▶ [TASK]: Going through the material below, output exactly the lines from the one containing "福田小金刚在内饰上已经全面向" through the one containing "According to a", and no pictures.

[PROVIDED DATA Boundary: Start]

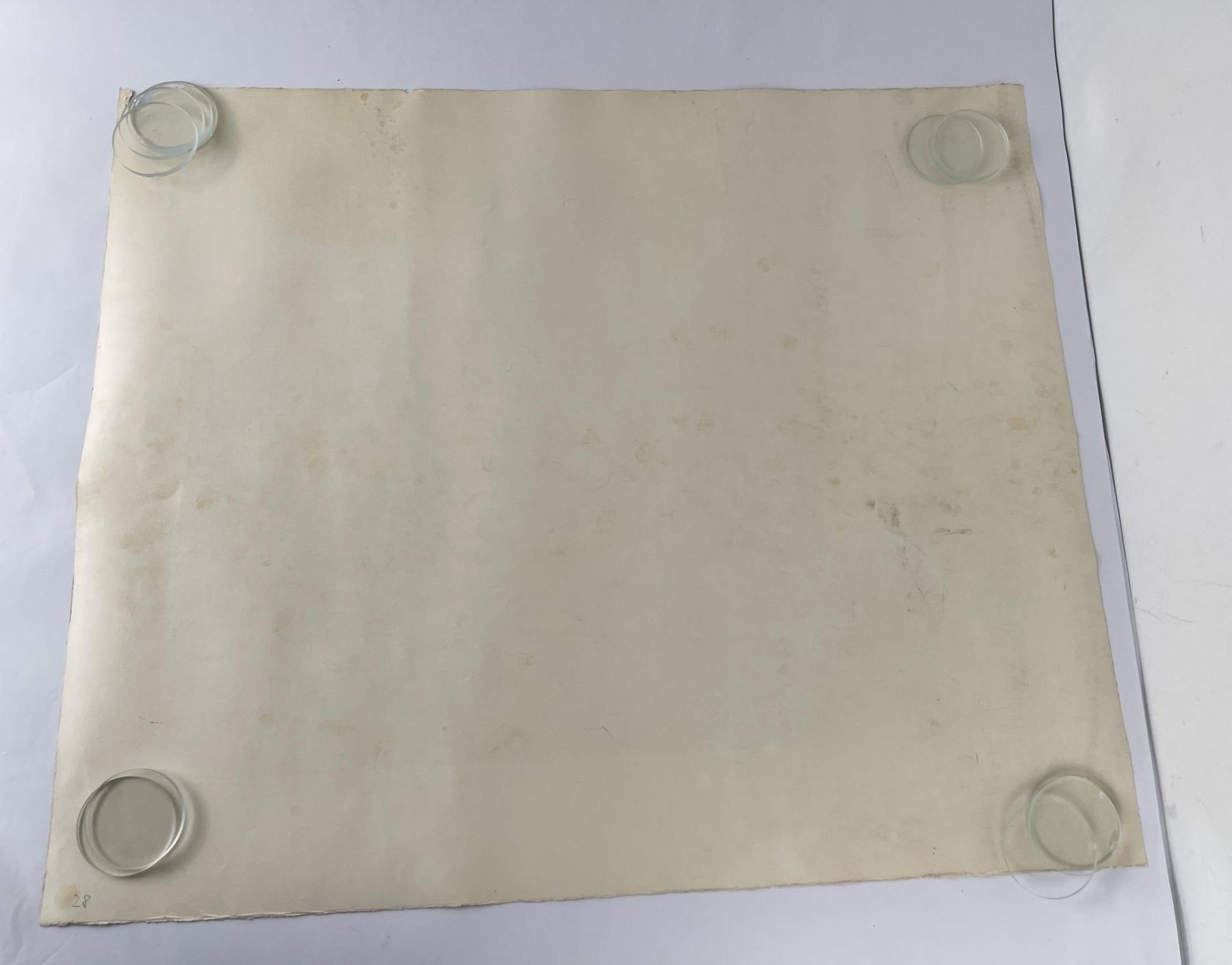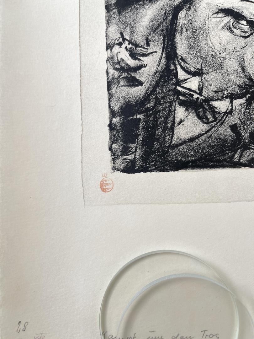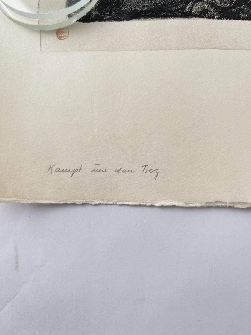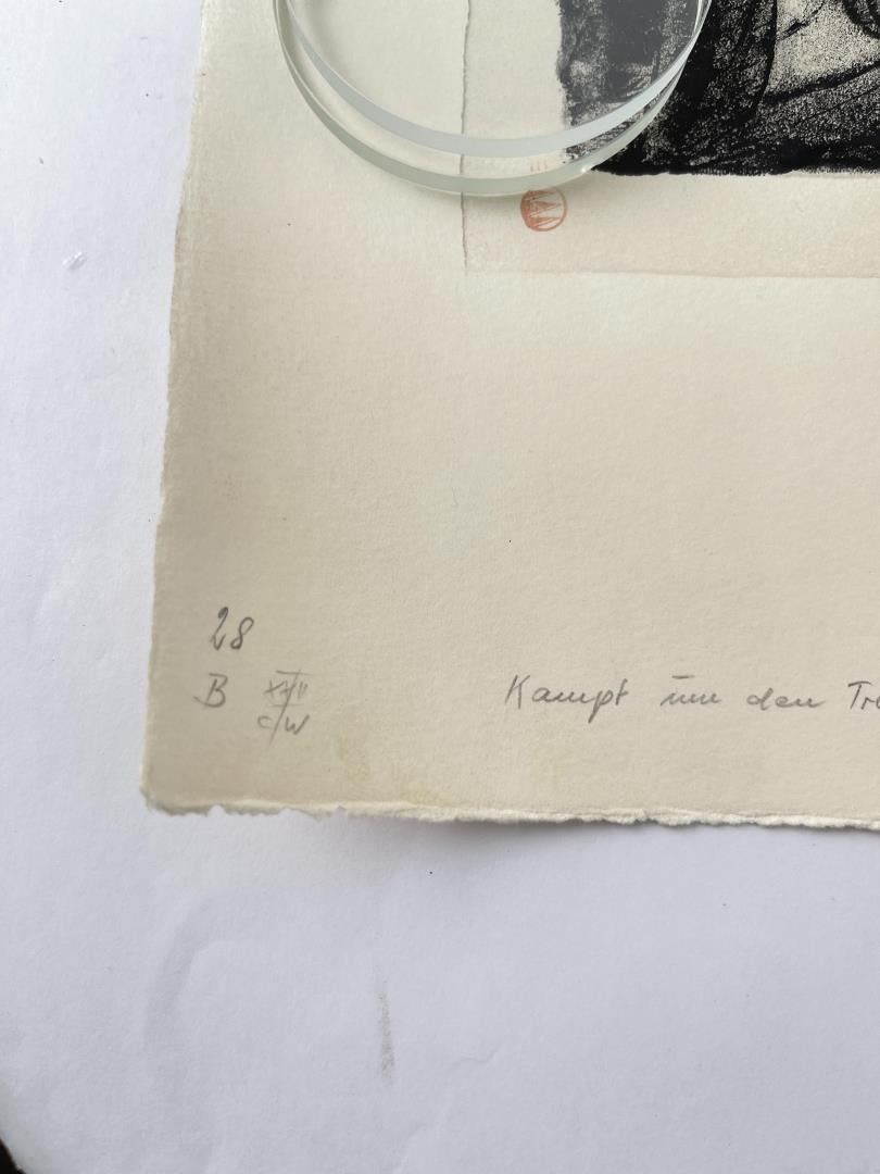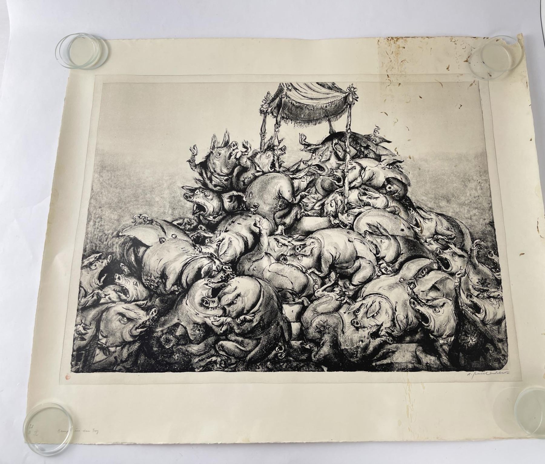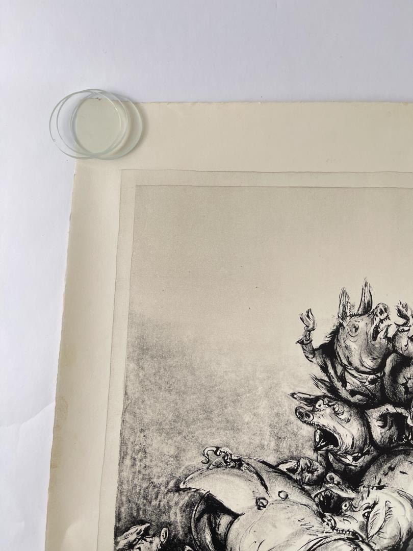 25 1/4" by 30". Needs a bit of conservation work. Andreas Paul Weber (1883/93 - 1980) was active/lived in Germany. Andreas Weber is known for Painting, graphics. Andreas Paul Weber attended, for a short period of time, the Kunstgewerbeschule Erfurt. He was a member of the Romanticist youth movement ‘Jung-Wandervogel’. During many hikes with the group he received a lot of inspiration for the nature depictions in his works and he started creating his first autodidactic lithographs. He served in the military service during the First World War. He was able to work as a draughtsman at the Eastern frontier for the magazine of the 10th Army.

[PROVIDED DATA Boundary: End]
[PROVIDED DATA Boundary: Start]

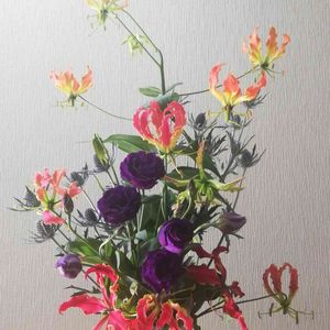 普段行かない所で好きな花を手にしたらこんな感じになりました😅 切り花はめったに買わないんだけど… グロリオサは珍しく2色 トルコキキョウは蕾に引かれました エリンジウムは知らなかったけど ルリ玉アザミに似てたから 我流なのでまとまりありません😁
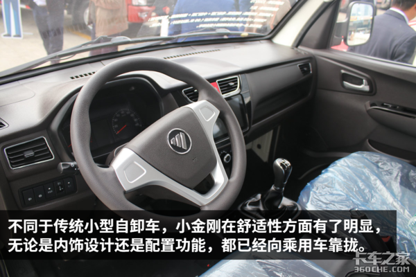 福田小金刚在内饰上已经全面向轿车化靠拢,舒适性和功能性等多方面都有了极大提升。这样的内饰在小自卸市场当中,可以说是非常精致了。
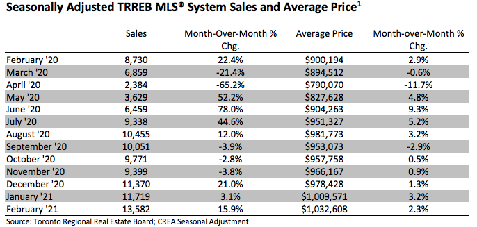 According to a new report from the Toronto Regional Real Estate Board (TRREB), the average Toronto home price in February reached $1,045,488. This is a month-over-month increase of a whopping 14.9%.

[PROVIDED DATA Boundary: End]

▶ [RESULT FOR THIS EXERCISE]:
 福田小金刚在内饰上已经全面向轿车化靠拢,舒适性和功能性等多方面都有了极大提升。这样的内饰在小自卸市场当中,可以说是非常精致了。
 According to a new report from the Toronto Regional Real Estate Board (TRREB), the average Toronto home price in February reached $1,045,488. This is a month-over-month increase of a whopping 14.9%.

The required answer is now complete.